**PROBLEM DETAILS**
Would you retype, word for word, the line with "围绕致经典、诉影事、再创造、" and each line after it to the end of the entries below, leaving the pictures out?
■ ■ ■ ■ ■ ■ ■
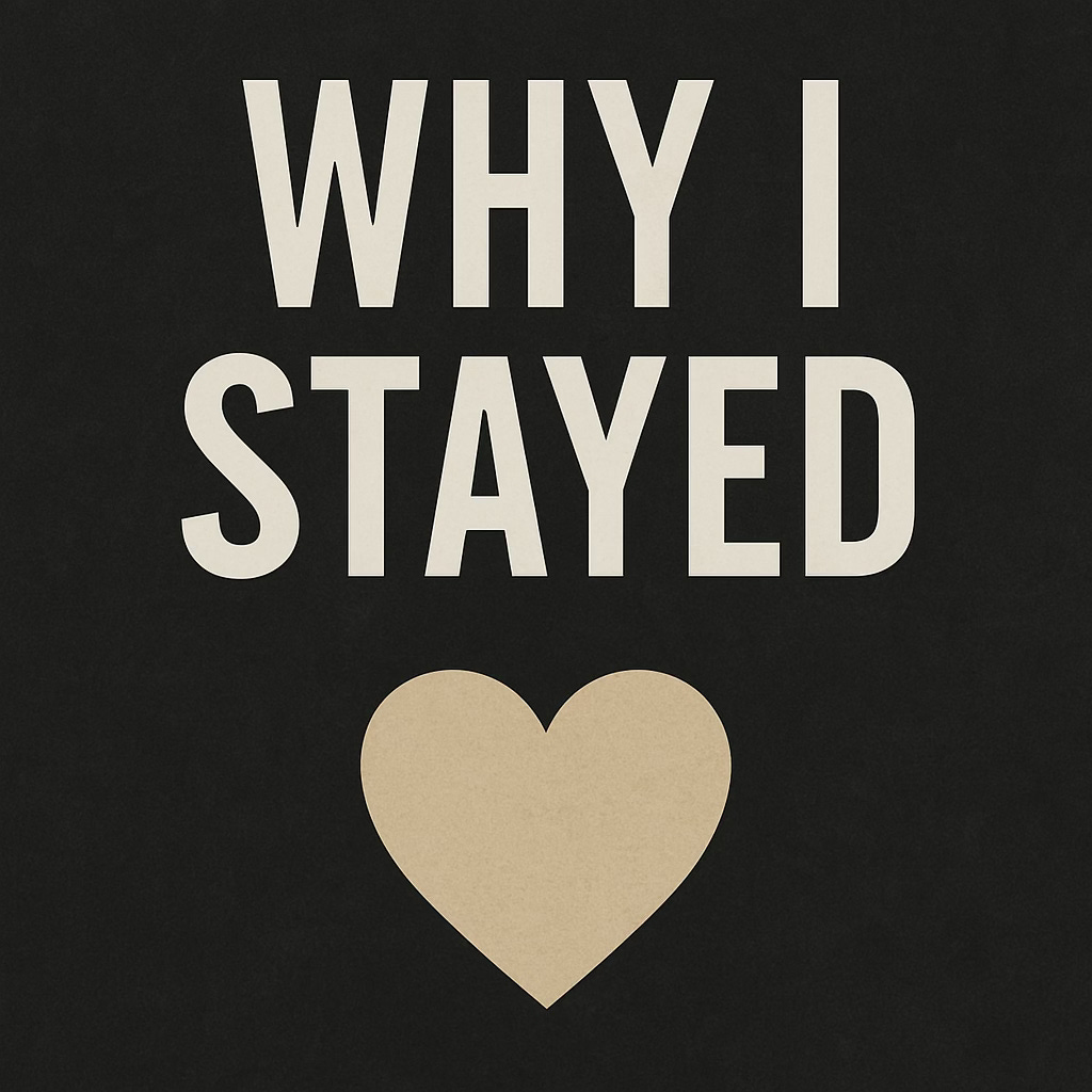 Interpretation: The minimalist heart beneath the stark phrase reflects the emotional complexity of staying in an abusive relationship—not out of blindness, but out of calculation, compassion, and fear. The contrast of soft symbol and sharp type echoes the tension between intention and reality.
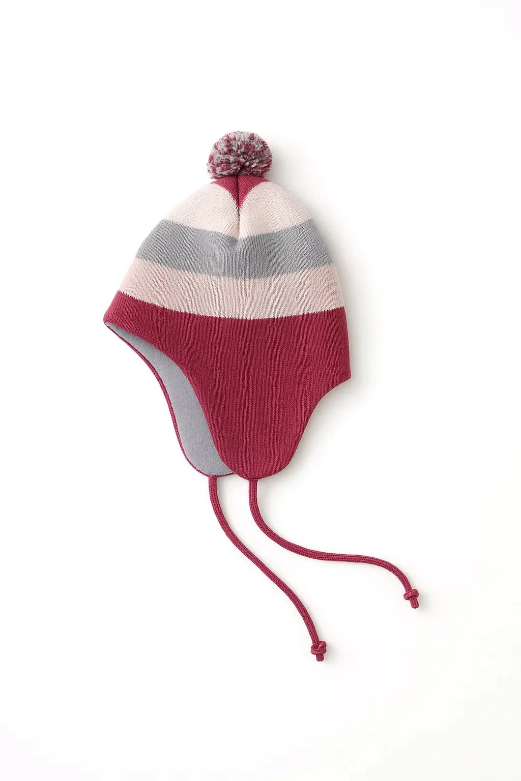Зимняя вязаная шапка для малыша. Модель выполнена из мягкой пряжи (50% шерсть, 50% акрил) с плотной утолщённой вязкой, хорошо удерживающей тепло. Внутренняя подкладка из флиса (100% полиэстер) обеспечивает дополнительный комфорт и защиту от холода. Удлинённые ушки прикрывают уши, а декоративные завязки придают стильный акцент. Шапка рассчитана на температурный режим от –10°C до +5°C, что делает её отличным выбором для холодного сезона.
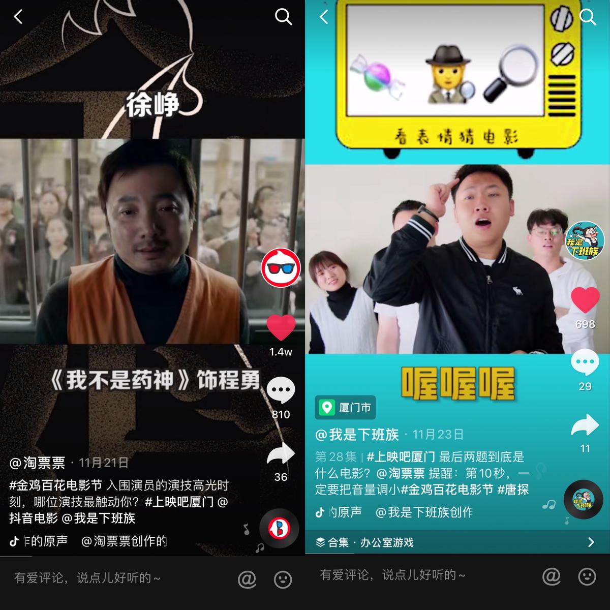 围绕致经典、诉影事、再创造、闹狂欢四大创作方向,用模仿经典桥段、微电影片场、vlog、剧情、技术流、抖出最爱电影等多元化表达,在金鸡举办期间,上映吧厦门通过今日头条、抖音搭建线上用户互动阵地,联合淘票票官抖,围绕电影节产出包含金鸡影迷嘉年华在内的“最佳影片猜测”“看emoji猜电影”“戏精学院”等多个热门视频,汇聚用户电影月讨论热度与参与热情。
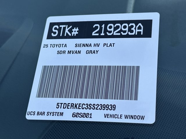 Looks and runs great. Good tires and brakes. Engine and transmission run smooth. Damage free. Immaculate inside and out. FREE CARFAX! We have great interest rate and financing for ALL credit situations.. Magnetic Gray Metallic 2025 Toyota Sienna Platinum 7 Passenger FWD CVT 2.5L I4 Hybrid w/VVT-iE DOHC 16V 2.5L I4 Hybrid w/VVT-iE DOHC 16V.36/36 City/Highway MPGWHY BUY at the BEACH? Our customers are our most valuable asset. If you are already a customer, welcome back. If you are new to Toyota of Huntington Beach, we would like to convince you to join the ranks of satisfied Toyota of Huntington Beach customers. Financing for all situations. Great rates available. GREAT rates for good credit. Financing for ALL credit situations. BK ok. Low score OK. (See dealer for details.) Se Hablamos Espanol. Marticular OK.
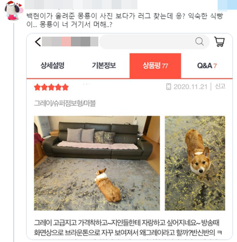 : 백현 인스타에 올라온 반려견 사진 (위에 짤) 을 보게된 팬이 손민수 하고싶어서 러그 찾아보다가
■ ■ ■ ■ ■ ■ ■
**SOLUTION BELOW**
 围绕致经典、诉影事、再创造、闹狂欢四大创作方向,用模仿经典桥段、微电影片场、vlog、剧情、技术流、抖出最爱电影等多元化表达,在金鸡举办期间,上映吧厦门通过今日头条、抖音搭建线上用户互动阵地,联合淘票票官抖,围绕电影节产出包含金鸡影迷嘉年华在内的“最佳影片猜测”“看emoji猜电影”“戏精学院”等多个热门视频,汇聚用户电影月讨论热度与参与热情。
 Looks and runs great. Good tires and brakes. Engine and transmission run smooth. Damage free. Immaculate inside and out. FREE CARFAX! We have great interest rate and financing for ALL credit situations.. Magnetic Gray Metallic 2025 Toyota Sienna Platinum 7 Passenger FWD CVT 2.5L I4 Hybrid w/VVT-iE DOHC 16V 2.5L I4 Hybrid w/VVT-iE DOHC 16V.36/36 City/Highway MPGWHY BUY at the BEACH? Our customers are our most valuable asset. If you are already a customer, welcome back. If you are new to Toyota of Huntington Beach, we would like to convince you to join the ranks of satisfied Toyota of Huntington Beach customers. Financing for all situations. Great rates available. GREAT rates for good credit. Financing for ALL credit situations. BK ok. Low score OK. (See dealer for details.) Se Hablamos Espanol. Marticular OK.
 : 백현 인스타에 올라온 반려견 사진 (위에 짤) 을 보게된 팬이 손민수 하고싶어서 러그 찾아보다가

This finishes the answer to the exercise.